The cows had to be stopped from contaminating the water supply, or a 200-plus acre nature preserve in Delaplane, Virginia, where a creek of piss and shit almost made it’s way into the Potomac, could have been catastrophic.

Daniel Liberson’s family bought the sprawling property in 2006 and, in a joint effort with the Nature Conservancy and the Army Corps of Engineers, set forth in the largest private undertaking of a stream restoration in Virginia’s history. By ceasing the herd mentality through privatization and paddocking, cattle no longer trampled the riverbanks, saving water from contamination, in turn encouraging cultivated growth on the land rather than chaos.

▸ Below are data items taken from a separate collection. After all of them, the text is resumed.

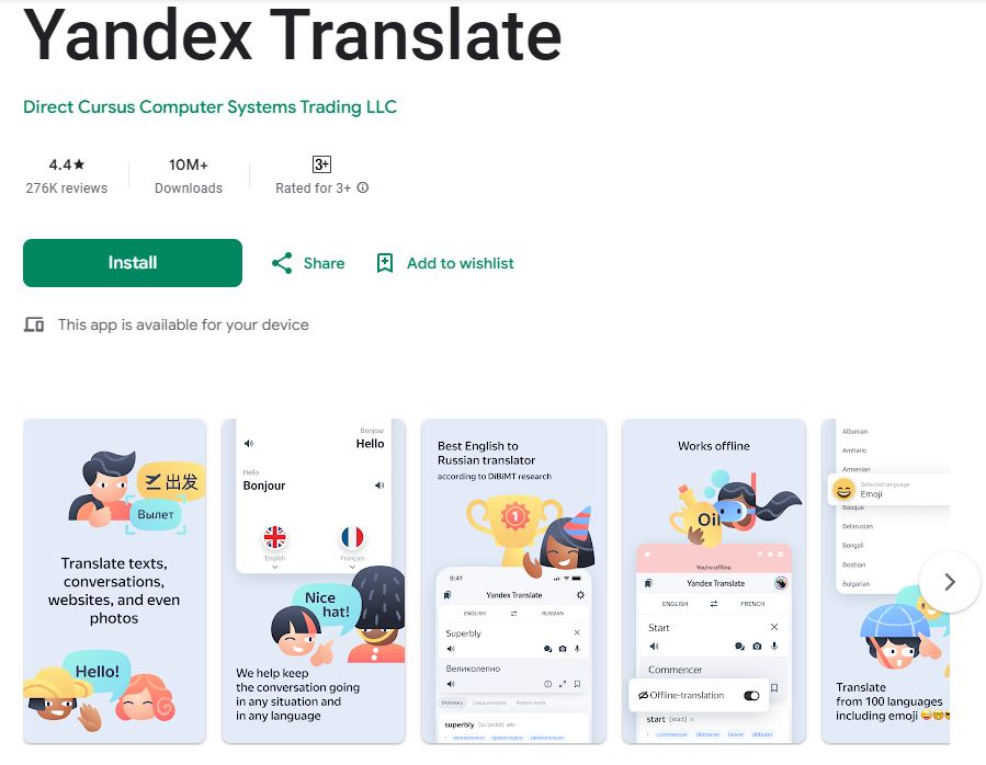 Yandex Vertalen ondersteunt meer dan 100 talen en is met name sterk in Oost-Europese talencombinaties zoals Russisch, Oekraïens en Pools. Het is nuttig voor zowel gewone gebruikers als professionals die vertalingen in deze regio's nodig hebben. Doordat de app nauwkeurig omgaat met complexe grammatica en idiomen, heeft hij een voorsprong in die taalfamilies.
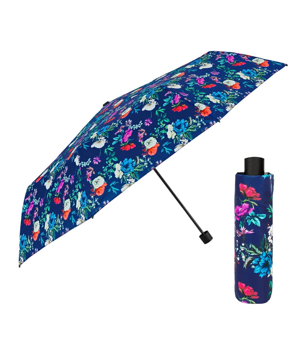 Perletti Mini umbrelă pliabilă albastră cu imprimeu floral Umbrelă compactă
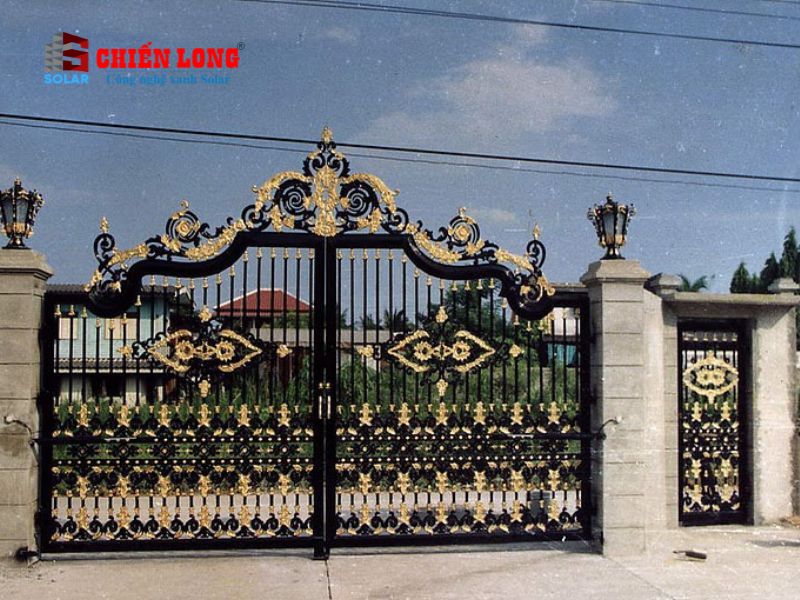 - Cổng được sơn đen với các họa tiết sơn nhũ vàng tăng tính quyền lực cho công trình.
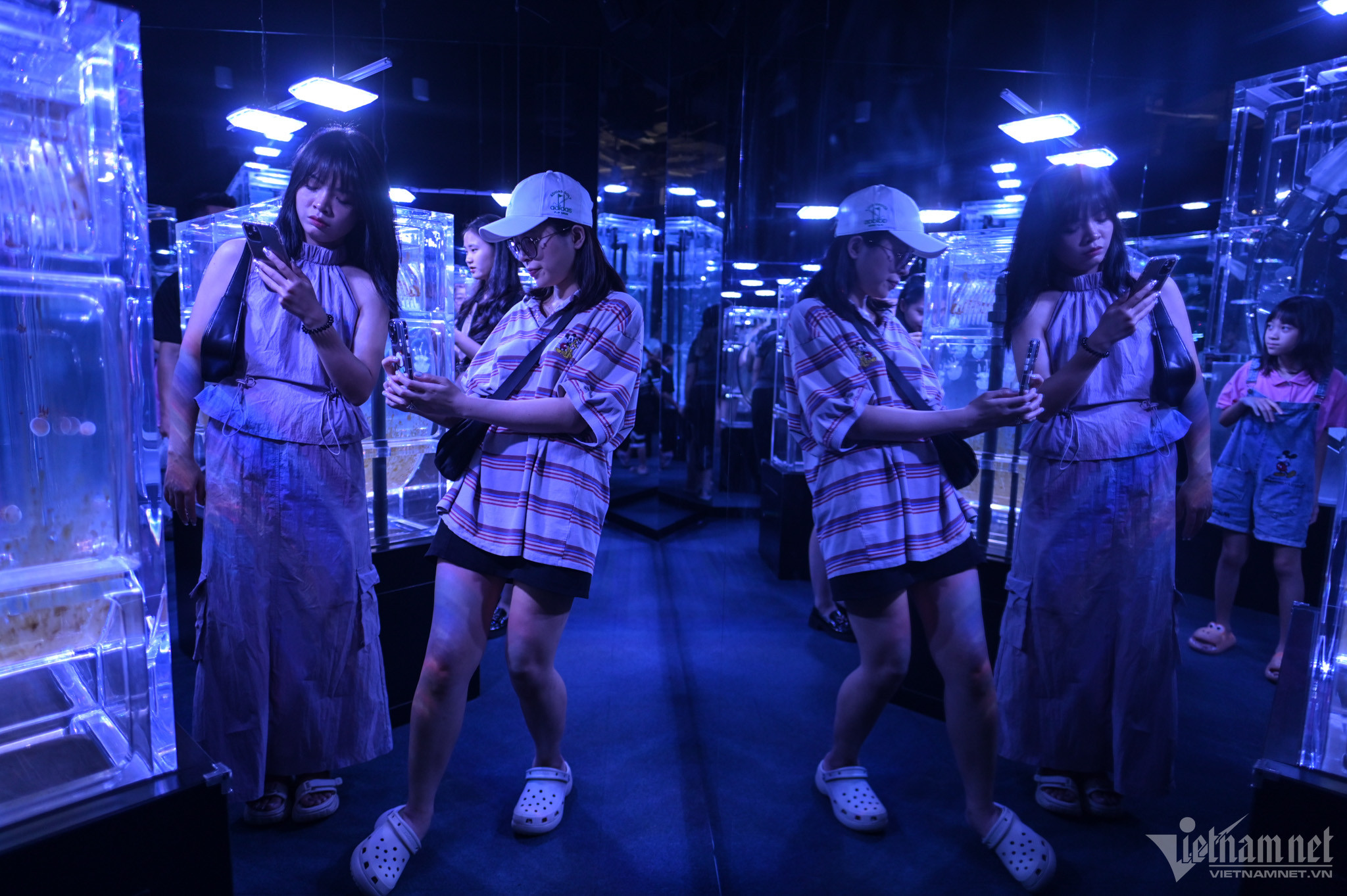 Khu vực thu hút đông du khách nhất là phòng trưng bày sứa với thiết kế tường gương, tạo không gian trong suốt, mới lạ.
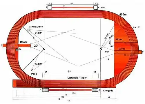 Medidas oficiais de uma pista oficial de atletismo.
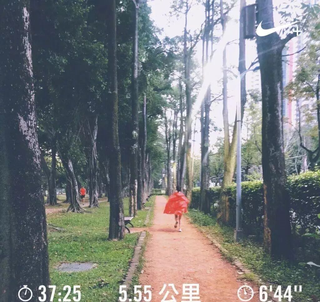 怀孕20周:冒着小雨在公园里狂奔,跑到快模糊了!跑了5.55公里,配速644,用时37分25秒。
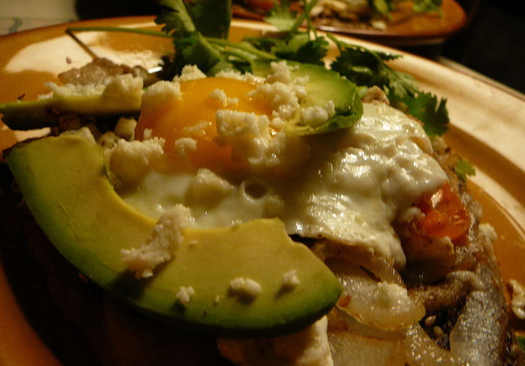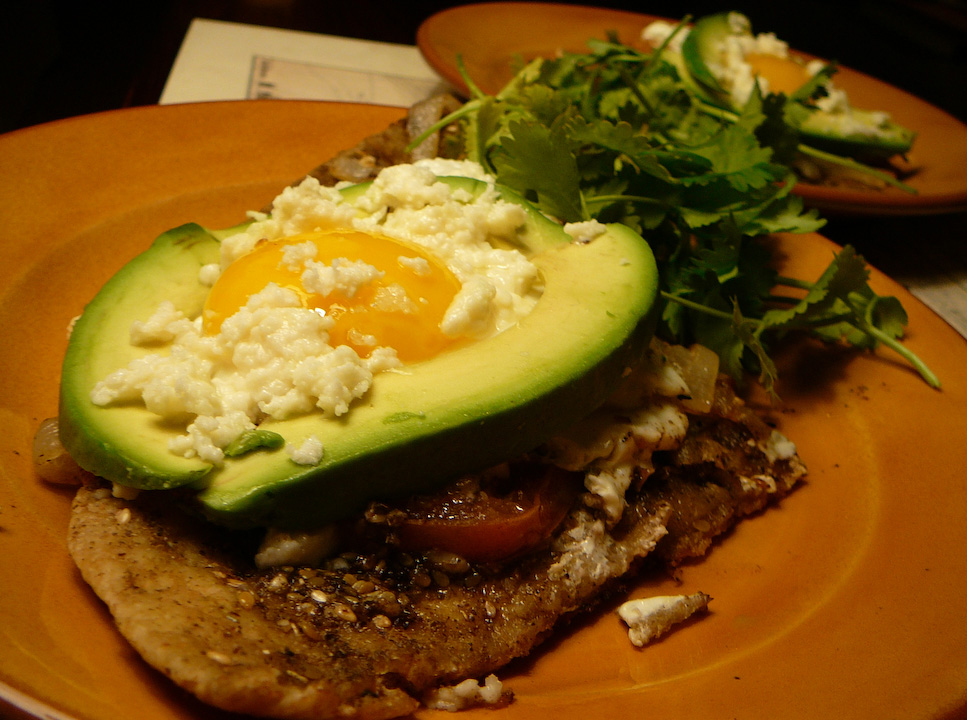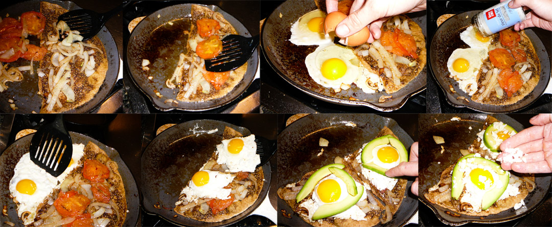 Scoop the fried onions and tomato onto the pita. Crack the eggs in the space now available, salt them, and fry sunny side up (approx 3 min). Split the eggs in two and serve over each half of the pita. Surround the egg yolk with avocado like a halo and crumble some queso fresco on top.

Which makes this a story about preservation––not once, but twice.

New flora was planted to anchor the land, and Bolling Branch Stream became a tributary to greater things. What was once a worried site of runoff became fertile enough ground to reintroduce native plants such as pawpaw, spicebush and mulberry. Liberson, with the humor of a Jewish comedian from the Catskills Mountain Borscht Belt and the cynicism of seasoned cook, picked weeds off his family’s estate. In time, this foraging (inspired by his time in the kitchen with John Shields at Town House restaurant in Chilhowie, Virginia) became a stockpiling of ingredients to build his inadvertent vinegar company, Lindera Farms.

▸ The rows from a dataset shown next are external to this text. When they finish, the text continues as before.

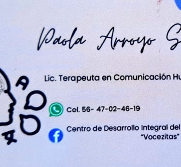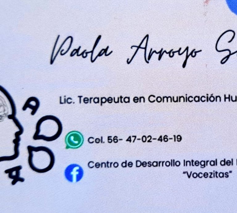 La Lic. Paola Arroyo Silva es egresada del Instituto Nacional de Rehabilitación como Terapeuta en Comunicación Humana.
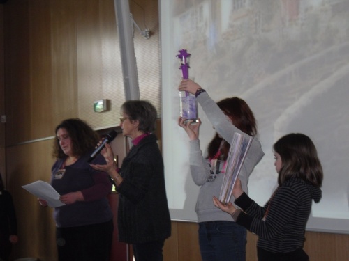 Vers le milieu de l’après midi , protégés par la Police Municipale, les enfants se sont rendus jusqu’à la cathédrale , suscitant la surprise et la curiosité des passants étonnés de voir autant d’enfants déambuler , brandissant des banderoles et panneaux de couleurs ….
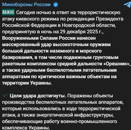Россияне заявили, что "в ответ" на так называемую "атаку по резиденции" российского диктатора был совершен теракт против украинского гражданского населения: запуск ракеты с комплекса Орешник и атака ударными беспилотниками.
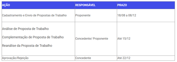 A primeira tabela é referente ao ciclo principal, no qual o cadastro e envio das propostas de trabalho já está aberto desde 18 de agosto e encerra dia 8 de dezembro . A fase de análise, complementação e reanálise das propostas vai até dia 15 de dezembro.
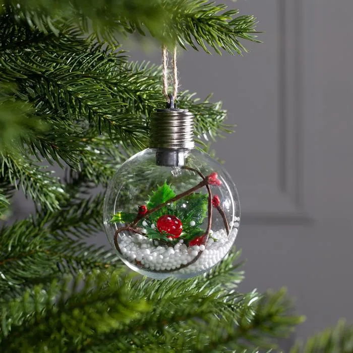 Новогодними игрушками традиционно украшают пушистые елочки, окна и ветки деревьев на улице, ведь переливы белых огоньков вселяют в сердца нотки очарования и радости. Ёлочные шары оригинально выглядят в зимнем декоре. Теплые огни притягивают взгляд, наполняют сердца ощущением волшебной сказки и создают вокруг уютно-праздничную атмосферу.
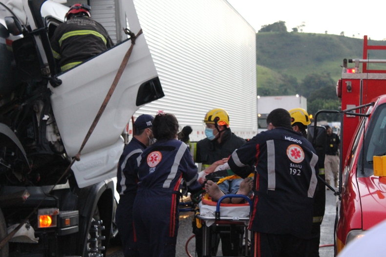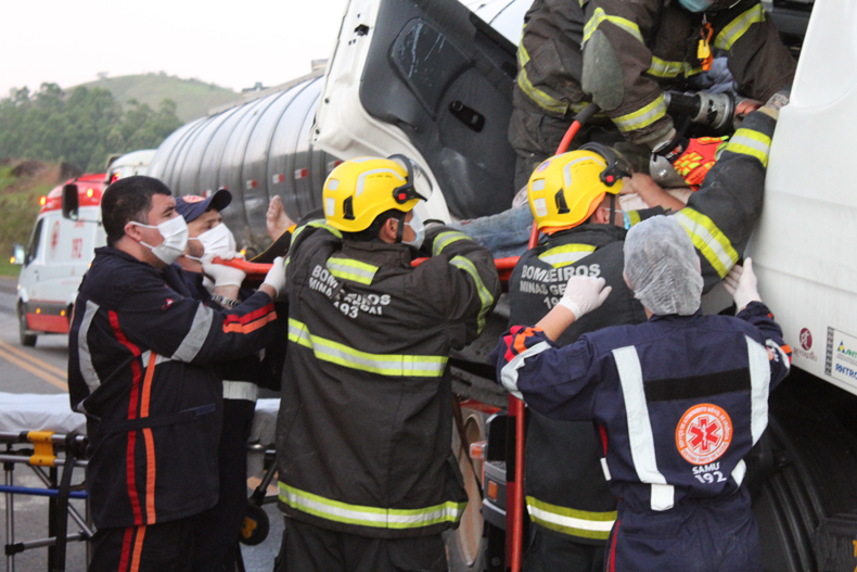 Um motorista de um caminhão ficou ferido depois de atingir a traseira de uma carreta. O acidente aconteceu na manhã desta quinta-feira (21) na BR 116, próximo do posto desativado da PRF de Fervedouro. O motorista ficou preso entre as ferragens, sendo socorrido pelo Corpo de Bombeiros de Muriaé e encaminhando pelo SAMU para o Hospital Casa de Caridade de Carangola.
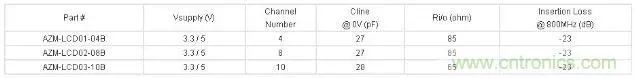 表一所列,為晶焱科技已推出的應(yīng)用于液晶顯示器的電磁干擾濾波器系列產(chǎn)品。其適用于5V以下的額定電壓電路系統(tǒng),線電容值約為27微微法拉。操作頻率在800百萬赫茲時(shí),其功率損耗可達(dá) -23dB,可以顯著地降低電磁干擾訊號(hào),以維持受保護(hù)電路的操作功能正常。晶焱科技同時(shí)推出三種不同通道數(shù)的電磁干擾濾波器產(chǎn)品,以方便其客戶依照不同需求選用合適的產(chǎn)品。
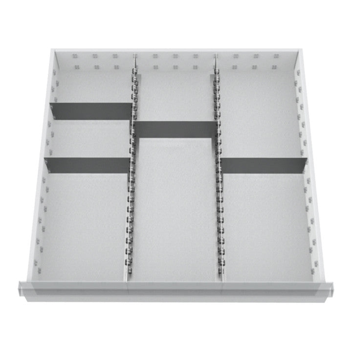 Metalowa przegroda do frontu o wysokości 200 mm - do szuflady wewnętrznej o wymiarach szer. 600 x gł. 600 mm - 2 przegrody wzdłużne - 4 przegrody poprzeczne

Using his seasoned palate and the nuanced hand of a farmer, Liberson crafted a line of vinegars devoid of that expected acetone punch-in-the-chest you get with other brands. He began collecting ramps in the early spring, applying malolactic fermentation to the leaves and creating a layered effect in his vinegar that tastes like drunk nachos—no joke, there are notes of sour cream and chives. His year ends with ripe persimmons in late fall, but the seasonal approach to vinegar allows Liberson to capture (and sell) the essence of wild black raspberries far past the summer months. Unlike the wine calendar, where a bottling is often released a full revolution of the sun (if not years) beyond it’s harvest, Lindera Farms is operating off a “living pantry” full of acetobacter. It’s funny then, that Liberson is a non-interventionist; it’s hard for anyone in the industry to just let whatever it is happen naturally. With a newfound sense of patience, Liberson waits for the right moment to release his vinegars into the world.

Part of this story is pure business, driving around the country to kitchens in hopes of swapping out industrial white distilled vinegars. Liberson now sells to some of the top fine dining restaurants in the country, including Minibar in Washington, D.C., and Per Se and Gramercy Tavern in New York City. Chef Sean Brock’s McCrady’s and Husk in Charleston bought his whole supply of last year’s ramp vinegar. This is also an allegory for “planting a seed”—maybe even seed saving. If you’re pickling the most gorgeous and temporal produce, have you considered the solution you’re about to pickle it in? That’s not to say Lindera Farms vinegars should be used for such techniques—they’re more a finishing type, added towards the end of cooking processes to deglaze a pan, or perk up sauces. But it does seem counterintuitive to go to the farmers market, only to put your cucumber in a jar with some manufactured acetic acid, devoid of any intrinsic value.

Lindera Farms is central to the idea of permaculture—of working with, rather than against, nature. One of the core tenets, aside from caring for the earth, is caring for the people. The third tenet, a “return of surplus,” is a reinvestment back into the first two ethics. Liberson works with Virginia-based producers like Golden Angels Apiary to make a glowing bottle of honey vinegar that is sweet and lively; he buys sorghum syrup from The Moyer Family Farm, and hickory syrup from Falling Bark Farm, where owners Joyce and Travis Miller take only fallen bark from the Shagbark hickory trees, a sustainable resource. They then roast them to create coffee- and cigar-like smokiness, which translates into idiosyncratic vinegar unlike any I’ve ever had. Used sparingly in vinaigrettes with roasted vegetables, or to spike a barbecue sauce—even as a splash of acidity in a cocktail. You won’t have to rely on frugality, these fleeting flavors are available, thankfully to Lindera Farms, where habitat and vinegars are in perpetual motion.